The updated TEC Assessment did not find any high-quality articles in peer-reviewed journals that assessed the use of CAD as an adjunct to FFDM. The Assessment concluded it is not possible to judge the impact of CAD on single readings of digital mammograms at this time. While there is evidence that the use of CAD with SFM is equal to or better than a single reading of the SFM images, there is scant information on the performance of CAD with FFDM. Logically, it might seem that CAD should play the same role with FFDM as with SFM, but the differences between film and digital mammography—which show up in the greater accuracy of FFDM in certain populations—preclude extrapolating from the impact of CAD with SFM to CAD with FFDM. The large increase in the magnitude of the data collected by FFDM, the ability to fine-tune the digitally acquired images, and the elimination of the digitization step make FFDM sufficiently different from SFM that separate studies on the impact of CAD on FFDM are needed. Until those results become available, the benefits of CAD with FFDM remain a promising possibility. Therefore, the impact of CAD on cancer detection, treatment, and survival is unknown and the policy statement remains unchanged.
2007–2008 Update The policy was updated with a literature search using MEDLINE conducted in April 2008.
Digitized Film-Screen Mammography. Similar to earlier studies reported in the TEC Assessment, (1) Dean reported on results of a prospective study of CAD with SFM in 9520 consecutive mammograms that demonstrated improved detection of cancers in a screening and diagnostic situation. (5) The greatest impact was on detection of ductal carcinoma in situ. Morton reported on a prospective study of 21,349 screening mammograms obtained in 18,096 women interpreted first without and then with review of CAD images to determine the effect of CAD analysis. (6) On the basis of pre-CAD interpretations, the breast cancer detection rate per 1000 screening mammograms was 4.92 (105/21,349 mammograms), the recall rate was 9.84% (2101/21,349 mammograms), and the positive predictive value (PPV) for biopsy was 41.0% (105/256 biopsies). After CAD image review, 199 additional patients were recalled, 21 additional biopsies were performed, and 8 additional cancers were detected. The effect was a 7.62% (8/105) increase in the number of breast cancers detected, an increase in the recall rate to 10.77% (2300/21,349 mammograms), and a slight decrease in the PPV to 40.8%. The authors concluded that use of CAD improved the detection of breast cancer with an acceptable increase in the recall rate. In contrast, Fenton et al conducted a retrospective study at 43 facilities (429,345 mammograms) that included a pre/post comparison of CAD at 7 facilities (16%). (7) This study concluded that the use of CAD was associated with reduced accuracy of interpretation of screening mammograms and also noted that the increased rate of biopsy with CAD was not clearly associated with improved detection of invasive breast cancer. While these results are intriguing, questions have been raised about this study including the retrospective design, the pre/post analysis, limited time for radiologists to gain experience with CAD, and the high sensitivity of mammography reported in this study. This study also did not report details about how CAD was applied in the groups where it was used; that is, whether or not it was used after the radiologists’ interpretations as described in the studies by Freer, Dean, and Morton described here. While this 1 study could reflect the impact of CAD as it is disseminated into practice, this study is not sufficient to refute the findings of several prospective studies. Thus, for CAD with SFM, the policy statement is unchanged.

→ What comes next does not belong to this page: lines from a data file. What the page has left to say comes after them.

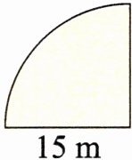 5. 在比赛中,铅球投掷的落点区域是一个$\frac{1}{4}$圆。如图,某运动员的最远投掷距离为15 m,铅球可能的落点区域的面积是多少?
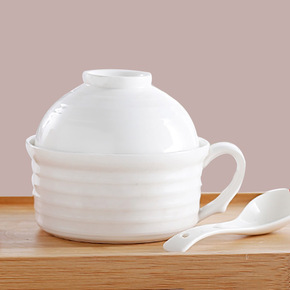 陶瓷泡面碗带盖杯碗纯白陶瓷碗可微波炉带把大容量饭碗...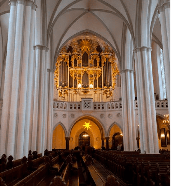 Орган храма был создан в период 1720-1722 гг. Автором был Йоахим Вагнер (это не тот Вагнер, который написал «Полет валькирий» и другие музыкальные произведения в XIX в.). Открытие состоялось в 1723 г. Позднее инструмент усовершенствовали. В частности, в 1800 г. было заменено 1400 из 2556 органных трубок. В последующие годы продолжались изменения, способствовавшие восстановлению диапазона звука, было увеличено количество голосов до 57 и установлены конусные затворы с трубчатой пневматикой. Данный орган считается самым красивым в Берлине. Вторая мировая война не повредила его, а по ее завершении мастера заменили некоторые детали органа, что способствовало приближению его звучания к барочному. В 1957, 1970 и 1985 годах продолжались изменения, приблизившие орган к оригинальному звучанию.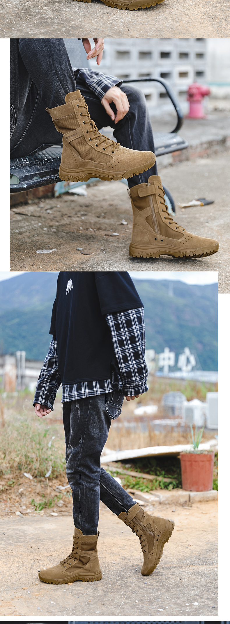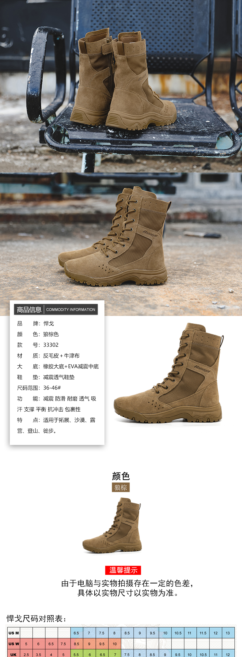 悍戈户外新款33302徒步沙漠靴真皮高帮马丁靴战术靴YKK拉链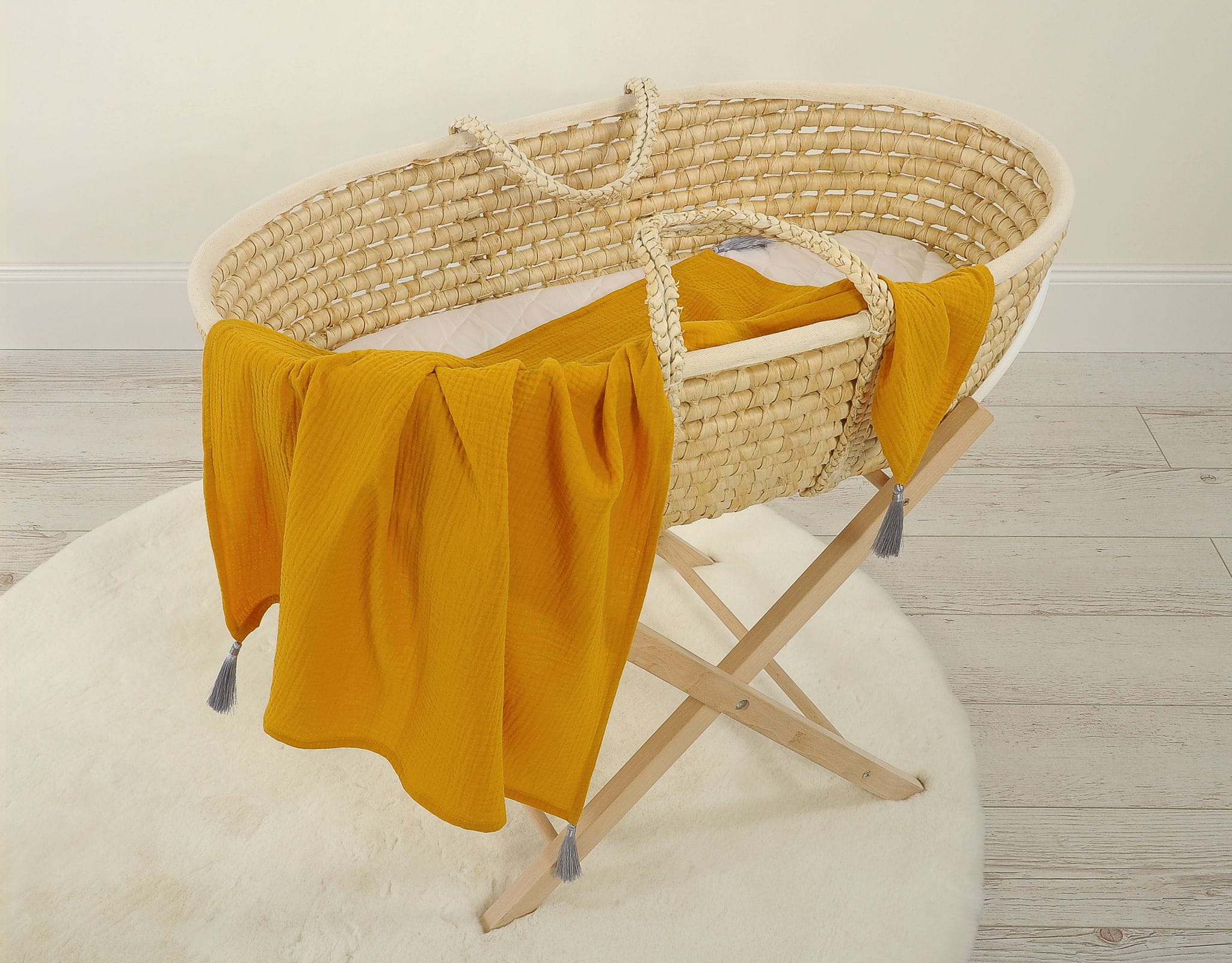 Muślinowy kocyk dla niemowląt z chwostami - musztardowy
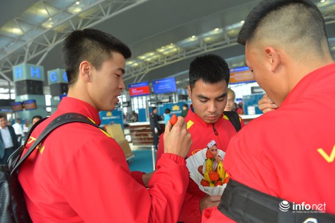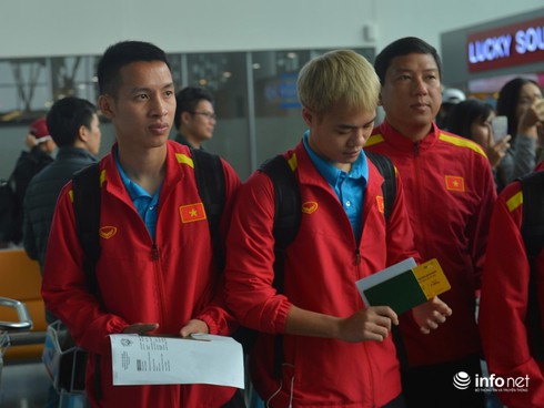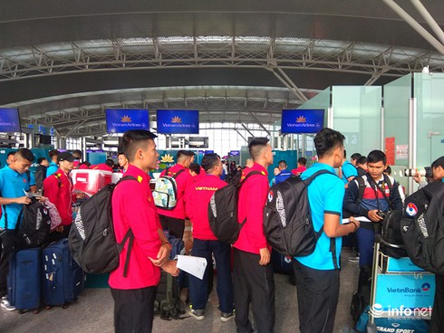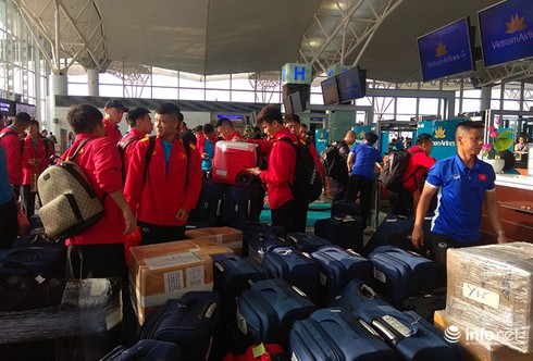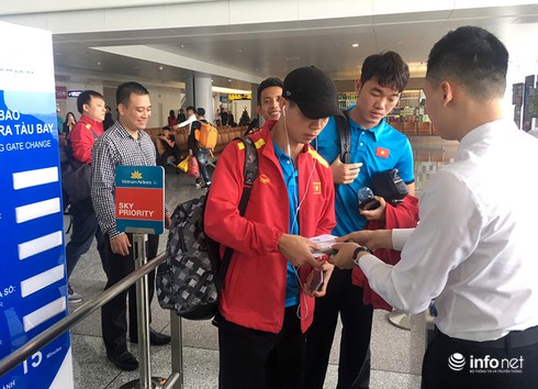 Từ rất sớm, Đội tuyển bóng đá Việt Nam đã có mặt tại Sân bay quốc tế Nội Bài làm thủ tục lên chuyến bay. |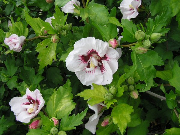 A hardy medium sized slow-growing shrub that is one of the last to come into leaf starting yellow during June but becoming dark green in time. The flowers begin in July or August and last for several weeks. 'Hamabo' is pale pink with blood-red feathered blotches in the centre.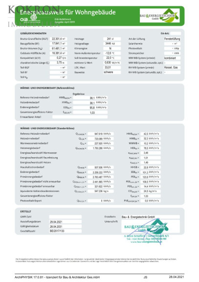 | Heizwärmebedarf: | B 38,10 kWh/m²a |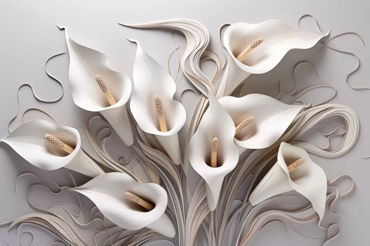 Volumetric calla lilies in creamy tones with 3D effect - Wall mural (No. w09281)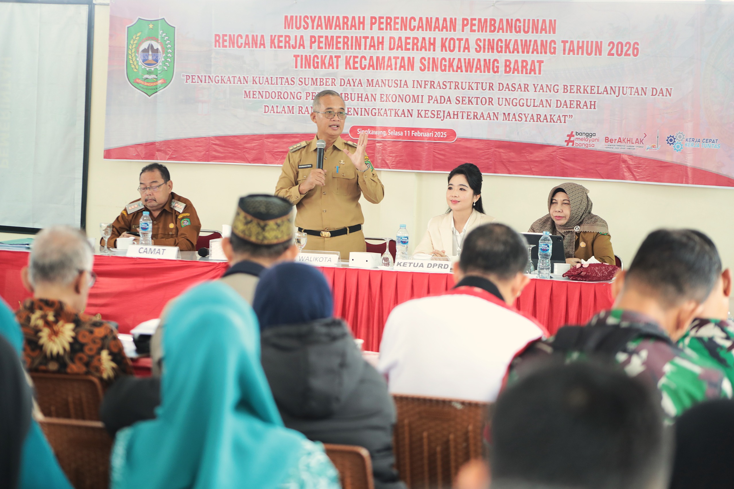 Penjabat Wali Kota Singkawang, Drs. H. Sumastro, M.Si., didampingi Anggota DPRD dan jajaran Kepala Perangkat Daerah terkait, secara resmi membuka Musyawarah Perencanaan Pembangunan (Musrenbang) RKPD tingkat Kecamatan Tahun 2026 di Aula Kantor Kecamatan Singkawang Barat, Selasa (11/02/2025).

Full-field digital mammography (FFDM). None of the articles identified through the MEDLINE search provided data on use of CAD that adequately address the issues raised by the TEC Assessment. (2) Specifically, no large prospective studies were identified that report on the addition of CAD with FFDM in a typical population that would receive screening mammography. Brancato reported on a European study of 3425 women who were self-referred to a breast clinic. (8) In this study, addition of CAD (CAD-X Systems’ Second Look®) to FFDM increased the cancer detection rate from 107 to 112 cases (p=0.07) and increased the recall rate from 11.9% to 13.1%. However, for a study of screening mammography, this is a relatively small study. In addition, long-term follow-up was not conducted to assess overall accuracy.
Skaane reported on a study from Norway that compared SFM and FFDM using CAD or double reading. (9) While this study reports results on 3683 patients, it appears that CAD was only used in a limited subset of patients. Thus, while CAD was reported to increase the sensitivity for both techniques, since it was applied to only a subset of patients the overall impact in a screening population cannot be determined. Wei et al (University of Michigan) studied CAD with both film-screen and digital images in the same patients. (10) Masses were found in 131 cases (27 cancers), and 98 cases had no masses. Using their CAD system, which is being developed (not commercially available), they found similar levels of performance for CAD with both types of mammograms. These authors comment that further study is underway to collect a larger dataset and to improve the performances of both [CAD] systems. A U.S. Food and Drug Administration Radiological Devices Panel Meeting on CAD was held in March 2008. (11) Some of the questions addressed by this meeting related to use of CAD with FFDM; differences between FFDM devices were also discussed. Comments were made that it was difficult to know about the image processing links between CAD and FFDM. Thus, the policy statement on CAD in FFDM is unchanged.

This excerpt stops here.